[Assignment]:
Would you please output, word for word, the span of the listing below that opens on the line containing "この音声解説は会場では有料提" and closes on the line containing "青い六角形が広がる未来的なネットワーク背景デザイン"? Include both ends and nothing more.

[Exercise materials]:
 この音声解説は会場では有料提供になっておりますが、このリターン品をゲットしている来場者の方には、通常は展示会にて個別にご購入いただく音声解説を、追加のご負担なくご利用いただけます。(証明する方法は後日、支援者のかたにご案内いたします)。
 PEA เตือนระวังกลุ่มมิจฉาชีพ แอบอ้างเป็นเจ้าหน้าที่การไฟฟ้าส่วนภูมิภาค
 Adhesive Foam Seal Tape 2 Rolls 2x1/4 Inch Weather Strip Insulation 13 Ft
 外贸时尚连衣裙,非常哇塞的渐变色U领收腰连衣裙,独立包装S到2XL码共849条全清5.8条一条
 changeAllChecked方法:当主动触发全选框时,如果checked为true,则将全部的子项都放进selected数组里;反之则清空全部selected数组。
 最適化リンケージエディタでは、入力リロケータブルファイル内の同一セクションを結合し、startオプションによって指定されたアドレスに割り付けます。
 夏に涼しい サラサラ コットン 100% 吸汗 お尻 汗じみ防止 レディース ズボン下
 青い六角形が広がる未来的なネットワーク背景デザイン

---

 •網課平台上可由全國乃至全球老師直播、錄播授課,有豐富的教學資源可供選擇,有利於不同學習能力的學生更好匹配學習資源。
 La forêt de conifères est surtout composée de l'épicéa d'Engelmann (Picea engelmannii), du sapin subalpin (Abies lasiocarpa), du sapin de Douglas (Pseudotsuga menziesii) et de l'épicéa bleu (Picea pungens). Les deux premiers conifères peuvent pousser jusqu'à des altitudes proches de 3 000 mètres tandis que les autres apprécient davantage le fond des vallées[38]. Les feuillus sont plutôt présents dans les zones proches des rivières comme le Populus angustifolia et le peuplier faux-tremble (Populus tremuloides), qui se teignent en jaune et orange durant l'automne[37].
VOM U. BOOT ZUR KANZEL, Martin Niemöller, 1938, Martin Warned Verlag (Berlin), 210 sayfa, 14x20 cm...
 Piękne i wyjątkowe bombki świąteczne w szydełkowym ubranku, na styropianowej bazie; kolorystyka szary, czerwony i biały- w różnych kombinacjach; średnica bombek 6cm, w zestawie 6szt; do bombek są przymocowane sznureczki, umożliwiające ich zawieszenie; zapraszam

---

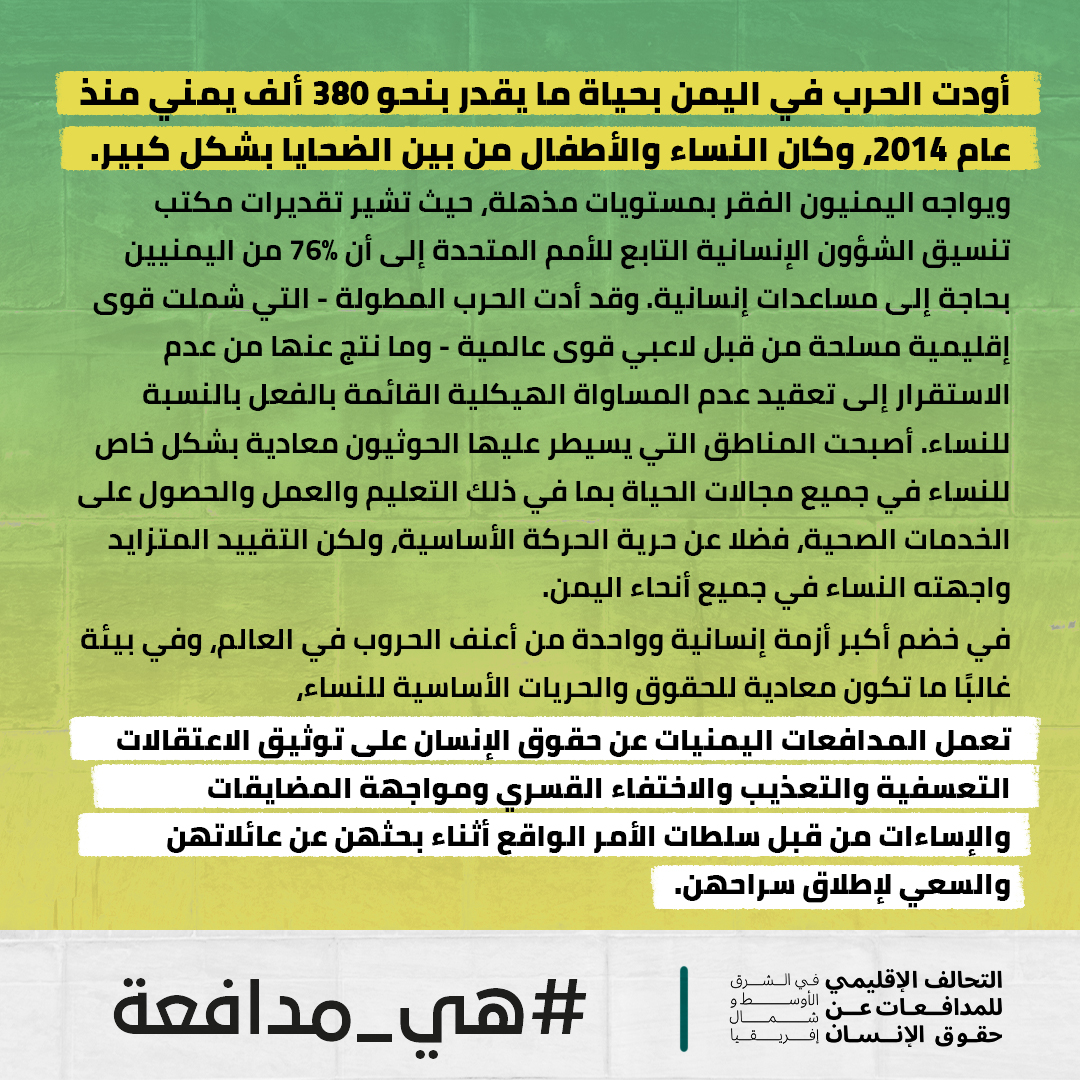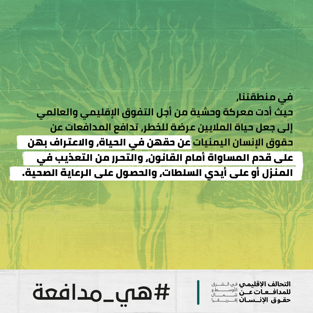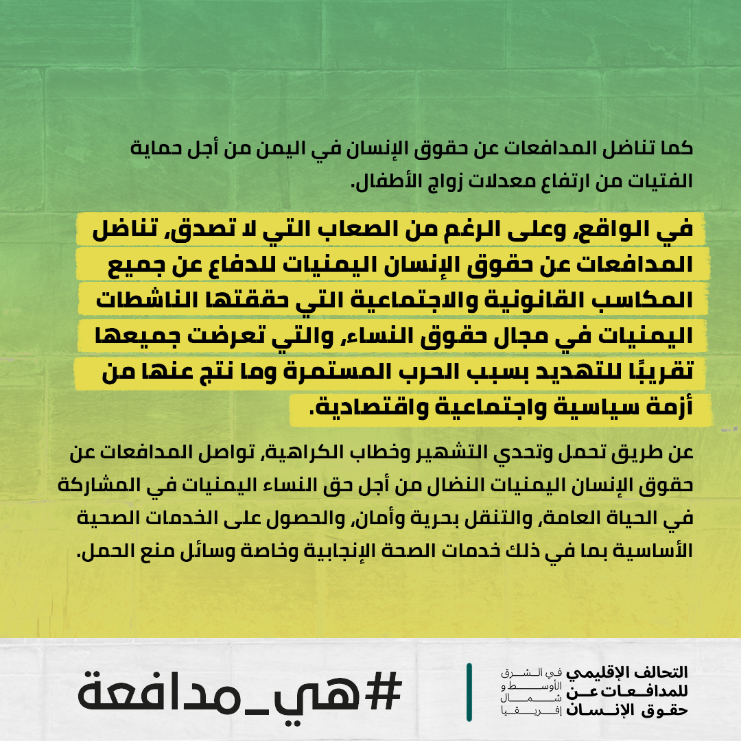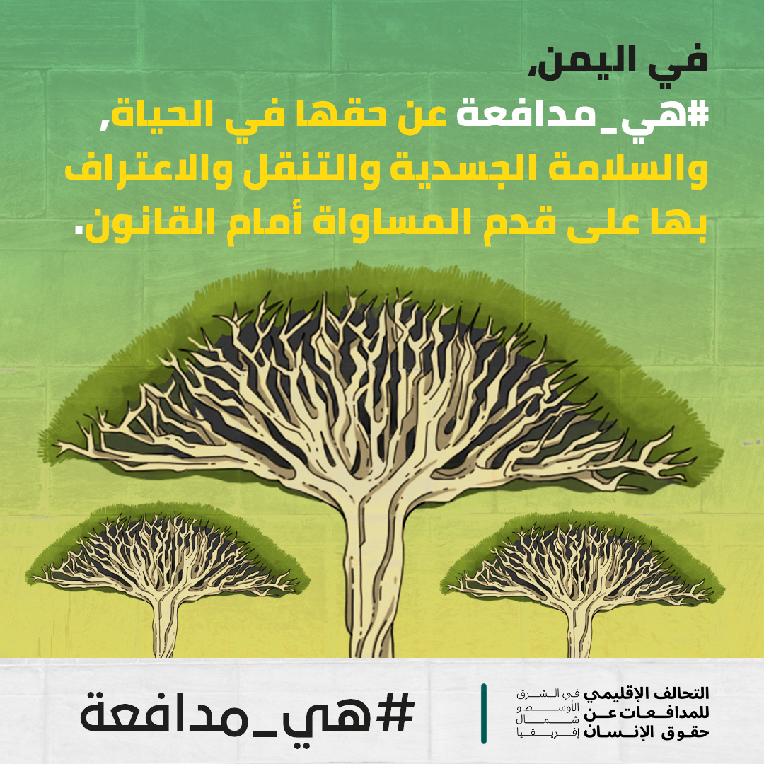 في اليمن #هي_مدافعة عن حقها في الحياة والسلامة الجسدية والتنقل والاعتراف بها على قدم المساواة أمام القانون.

[Written answer]:
 この音声解説は会場では有料提供になっておりますが、このリターン品をゲットしている来場者の方には、通常は展示会にて個別にご購入いただく音声解説を、追加のご負担なくご利用いただけます。(証明する方法は後日、支援者のかたにご案内いたします)。
 PEA เตือนระวังกลุ่มมิจฉาชีพ แอบอ้างเป็นเจ้าหน้าที่การไฟฟ้าส่วนภูมิภาค
 Adhesive Foam Seal Tape 2 Rolls 2x1/4 Inch Weather Strip Insulation 13 Ft
 外贸时尚连衣裙,非常哇塞的渐变色U领收腰连衣裙,独立包装S到2XL码共849条全清5.8条一条
 changeAllChecked方法:当主动触发全选框时,如果checked为true,则将全部的子项都放进selected数组里;反之则清空全部selected数组。
 最適化リンケージエディタでは、入力リロケータブルファイル内の同一セクションを結合し、startオプションによって指定されたアドレスに割り付けます。
 夏に涼しい サラサラ コットン 100% 吸汗 お尻 汗じみ防止 レディース ズボン下
 青い六角形が広がる未来的なネットワーク背景デザイン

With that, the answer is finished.